6. The logistics scheduling simulation method according to claim 1, characterized in that, The construction of the sand mold 3D printing workshop database includes: The system collects operational status data of 3D printers, transfer equipment, and buffer lines using on-site sensors and monitoring systems, and uses the Grubbs criterion to remove outliers.
7. The logistics scheduling simulation method according to any one of claims 1-6, characterized in that, Also includes: Interactive 3D logistics animations are generated based on simulation results.
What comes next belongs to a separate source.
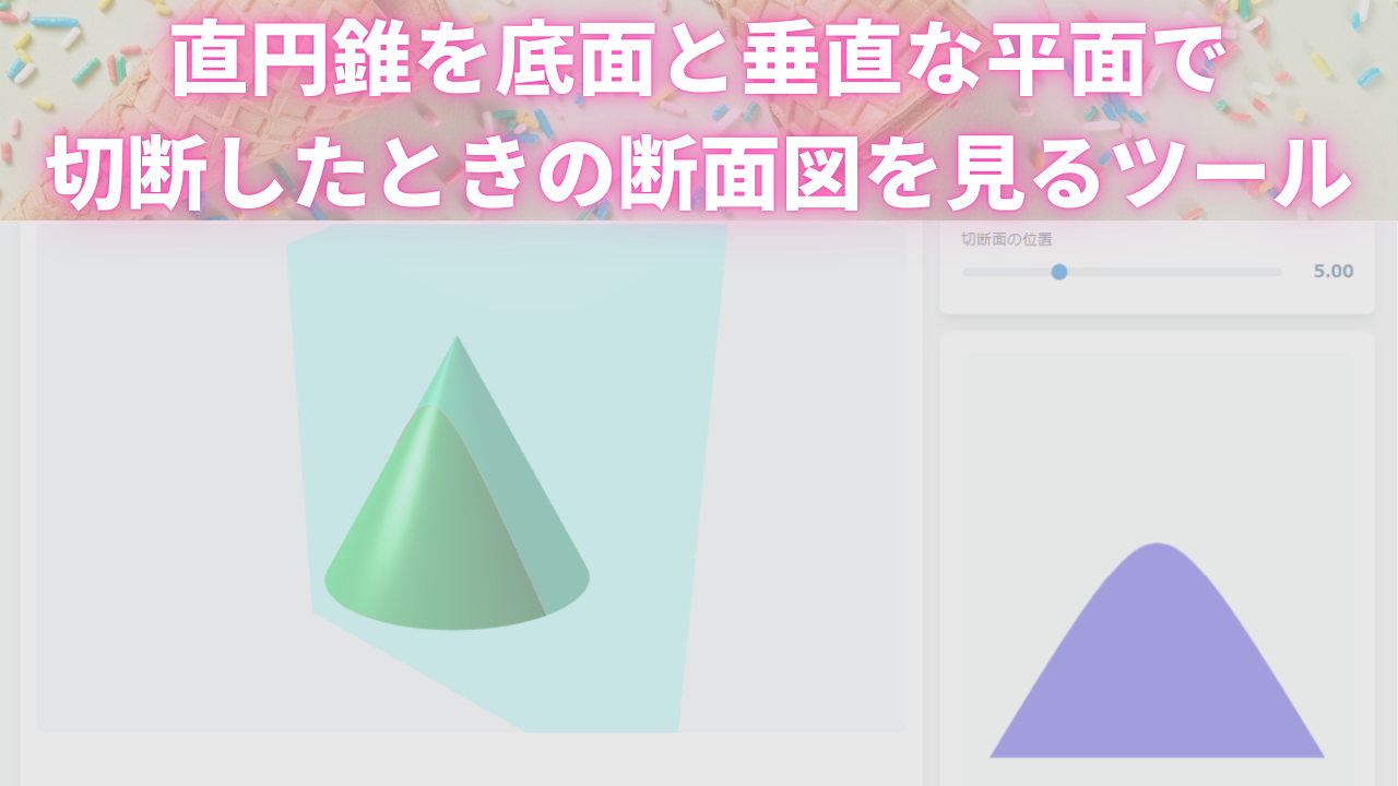 断面は、母線を漸近線とする双曲線ですね(頂点通らない場合。通る場合は二等辺三角形)。

8. A logistics scheduling simulation device for a sand mold 3D printing workshop, characterized in that, include: The database construction module is used to build a sand mold 3D printing workshop database. The sand mold 3D printing workshop database stores the collected operating parameters of the 3D printer, the spatial layout data of the workshop, the physical kinematic model of the special logistics equipment, and the operation constraint parameters. The special logistics equipment includes heavy-duty AGVs and gantry cranes, and the operation constraint parameters include minimum aisle width, minimum turning radius, and ground load-bearing threshold. The simulation modeling module is used to load the spatial layout data and the physical kinematic model of the special logistics equipment in the simulation environment, and to embed the operation constraint parameters into the path planning algorithm. The scheduling optimization and simulation module is used to generate an initial logistics scheduling scheme based on the path planning algorithm using a multi-objective optimization function, and to obtain the logistics scheduling scheme and perform simulation by solving it through an improved genetic algorithm.
9. A logistics scheduling simulation system for a sand mold 3D printing workshop, characterized in that, Including the logistics scheduling simulation device as described in claim 8; and, The data acquisition equipment and simulation display terminal are communicatively connected to the logistics scheduling simulation device; The data acquisition equipment includes sensors and monitoring units deployed on 3D printers, dedicated logistics equipment and buffer lines, used to collect equipment operating status and spatial location data in real time; The simulation display terminal is used to receive and render the interactive 3D logistics animation generated by the device.
10. A computing device, characterized in that, include: processor, and A memory connected to the processor and storing program instructions, which, when executed by the processor, cause the processor to perform the logistics scheduling simulation method for a sand mold 3D printing workshop as described in any one of claims 1-7.